In this case, no supervision over elections .is asked for. What is asked is that this Court do exactly what it did in Smiley v. Holm, supra. It is asked to declare a state apportionment bill invalid and to enjoin state officials from enforcing it. The only difference between this case and the Smiley case is that there the case originated in the state courts while here the proceeding originated in the Federal District Court. The only type of case in which this Court has held that a federal district court should in its discretion stay its hand any more than a state court is where the question is one which state courts or administrative agencies have special competence to *574decide. This is not that type of question. What is involved here is the right to vote guaranteed by the Federal Constitution. It has always been the rule that where a federally protected right has been invaded the federal courts will provide the remedy to rectify the wrong done. Federal courts have not hesitated to exercise their equity power in cases involving deprivation of property and liberty. Ex parte Young, supra; Hague v. C. I. O., 307 U. S. 496. There is no reason why they should do so where the case involves the right to choose representatives that make laws affecting liberty and property.
Nor is there any more difficulty in enforcing a decree in this case than there was in the Smiley case. It is true that declaration of invalidity of the State Act and the enjoining of state officials would result in prohibiting the State from electing Congressmen under the system of the old congressional districts. But it would leave the State free to elect them from the State at large, which, as we held in the Smiley case, is a manner authorized by the Constitution. It is said that it would be inconvenient for the State to conduct the election in this manner. But it has an element of virtue that the more convenient method does not have — namely, it does not discriminate against some groups to favor others, it gives all the people an equally effective voice in electing their representatives as is essential under a free government, and it is constitutional.
Mr. Justice Douglas and Mr. Justice Murpht join in this dissent.

 People v. Thompson, 155 Ill. 451, 40 N. E. 307; Fergus v. Marks, 321 Ill. 510, 152 N. E. 557; Fergus v. Kinney, 333 Ill. 437, 164 N. E. 665; People v. Clardy, 334 Ill. 160, 165 N. E. 638; People v. Blackwell, 342 Ill. 223, 173 N. E. 750; Daly v. Madison County, 378 Ill. 357, 38 N. E. 2d 160. Cf. Moran v. Bowley, 347 Ill. 148, 179 N. E. 526.
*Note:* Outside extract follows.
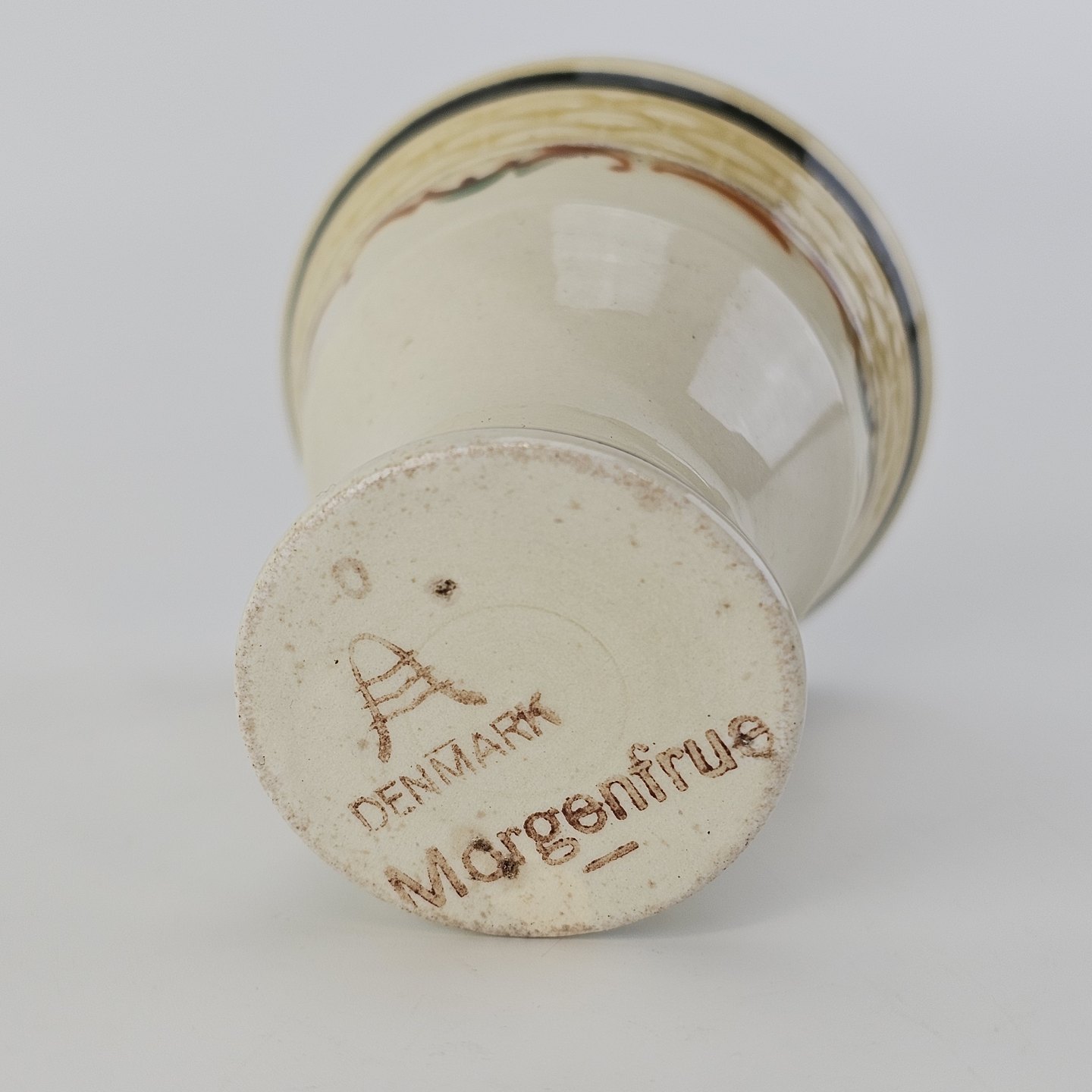 Beskrivelse: Æggebæger i fajance fra stellet Morgenfrue

 28 U. S. C. 41 (14); Bell v. Hood, 327 U. S. 678.

 Smiley v. Holm, 285 U. S. 355; Koenig v. Flynn, 285 U. S. 375; Carroll v. Becker, 285 U. S. 380; Wood v. Broom, 287 U. S. 1; Nixon v. Herndon, 273 U. S. 536, 540; McPherson v. Blacker, 146 U. S. 1, 23-24; see also cases collected in 2 A. L. R. note, 1337 et seq.

 Coleman v. Miller, 307 U. S. 433, 438, 467.

 Ex parte Young, 209 U. S. 123; Sterling v. Constantin, 287 U. S. 378, 393.